The research team envisions extending the framework to other high-complexity systems such as enzymatic catalysis, redox-active cofactors and multi-metal active sites. Eventually, they argue, quantum-enhanced simulations will become routine tools in computational chemistry, not by replacing classical models wholesale, but by elevating them where it matters most.

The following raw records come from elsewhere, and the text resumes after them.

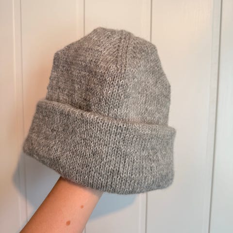 Grå lue fra Woodling- str one size, 32% alpaca, 32 % merino ull, polyamid og elastin. Deilig og varm
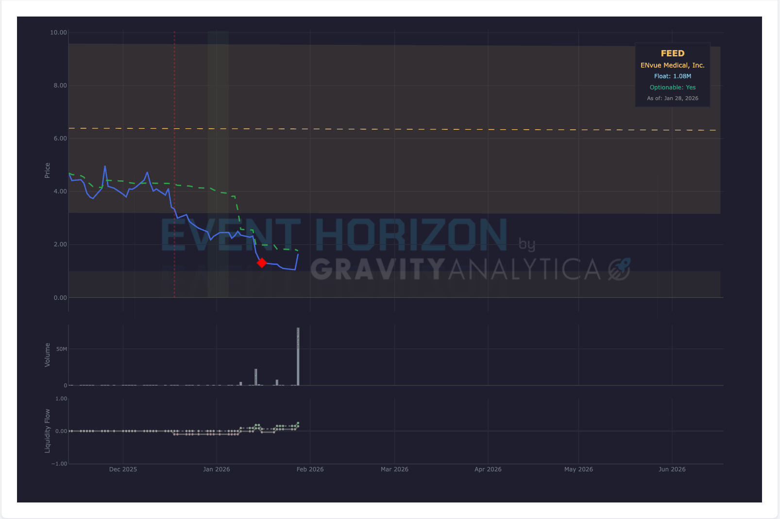 Envue Medical popped. It was below the channel yesterday and still is. Code is showing yellow corporate risk on this one but was still on-model.
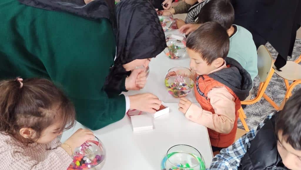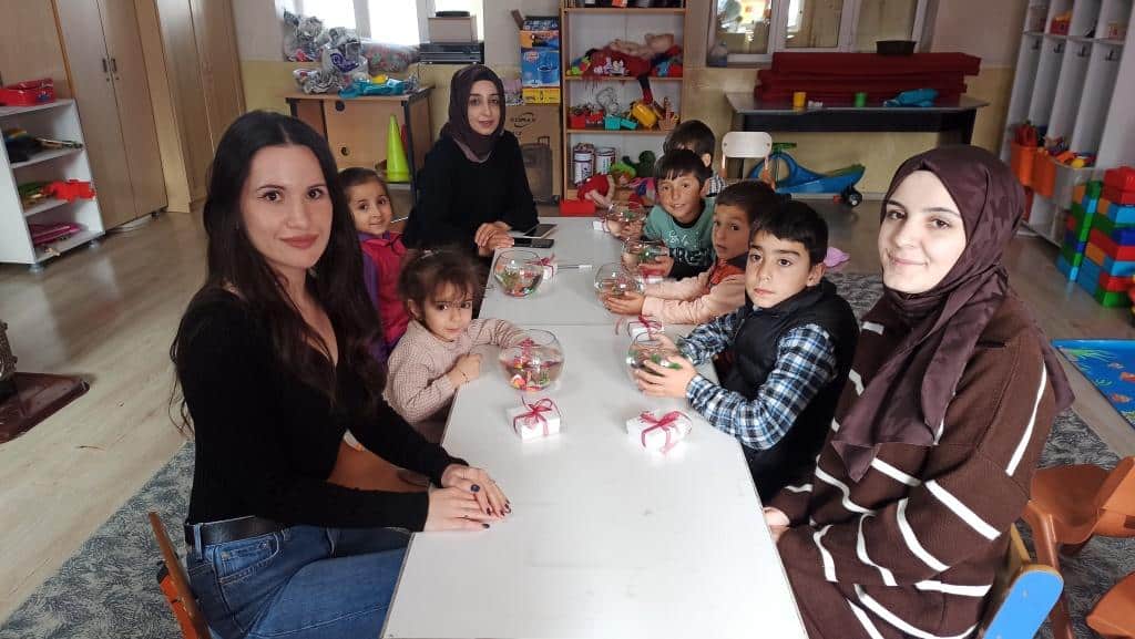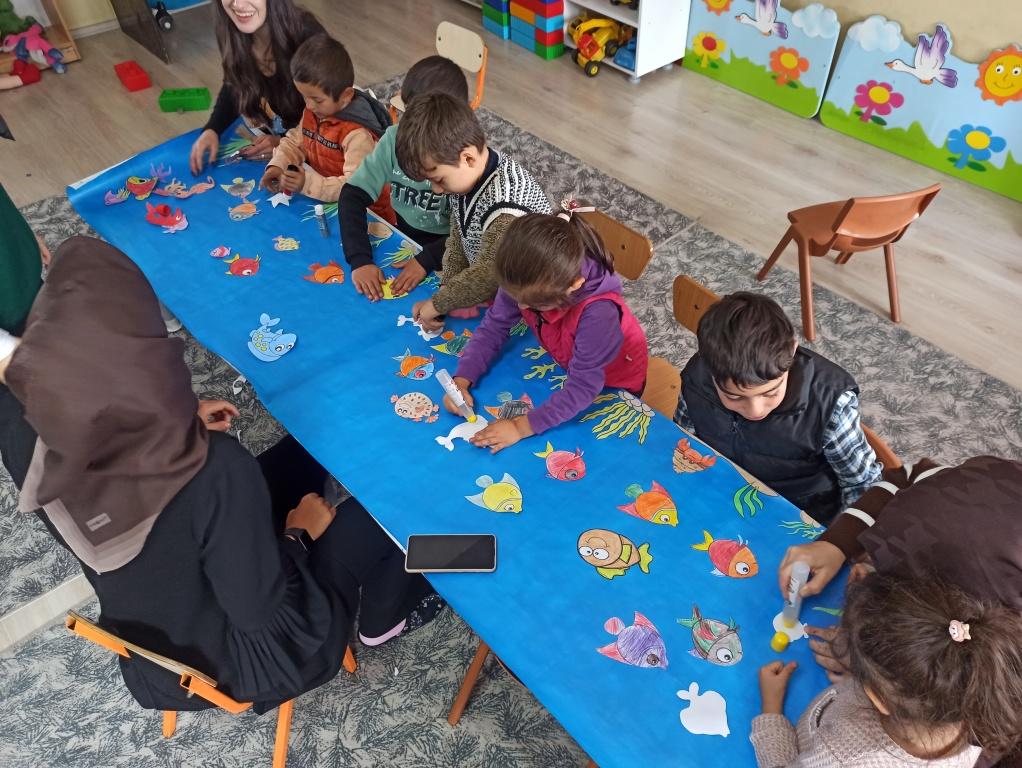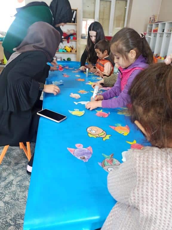 Atatürk Üniversitesi Halkla İlişkiler bölumü son son sinif ogrencileri sosyal sorumluluk projesi kapsaminda okulumuza geldiler. Ogrencilere hayvan sevgisi ve sorumluluk kazandirmak amaciyla etkinlikler yaptilar.Cocuklarla birlikte once akvaryum posteri hazirladilar. Daha sonra yanlarinda getirdikleri fanuslari susleyip baliklari icine koydular ve cocuklara hediye ettiler. Atatürk Üniversitesi ogrencilerine okulumuza katkilarindan dolayi tesekkur ediyoruz.

The study brought together researchers from institutions across Denmark, Switzerland, the Netherlands and the United States. From Denmark, contributors represented multiple departments at the University of Copenhagen, including the Department of Mathematical Sciences, the Department of Chemistry and Nano-Science Center, the Niels Bohr Institute, the Department of Biology’s Linderstrøm-Lang Centre for Protein Science, the Department of Computer Science, and the Department of Public Health, all affiliated with the Quantum for Life Centre and the NNF Quantum Computing Programme. In Switzerland, scientists from ETH Zurich’s Department of Chemistry and Applied Biosciences played a central role. The Netherlands was represented by QuSoft at the Centrum voor Wiskunde en Informatica in Amsterdam. U.S.-based collaborators came from the Massachusetts Institute of Technology, including its Department of Chemistry and the Center for Theoretical Physics.
For more technical details, please read the paper published on arXiv. It’s important to note that while pre-print servers give researchers a chance to quickly receive feedback on their studies, pre-prints are not considered officially peer-reviewed, a critical step in the scientific method.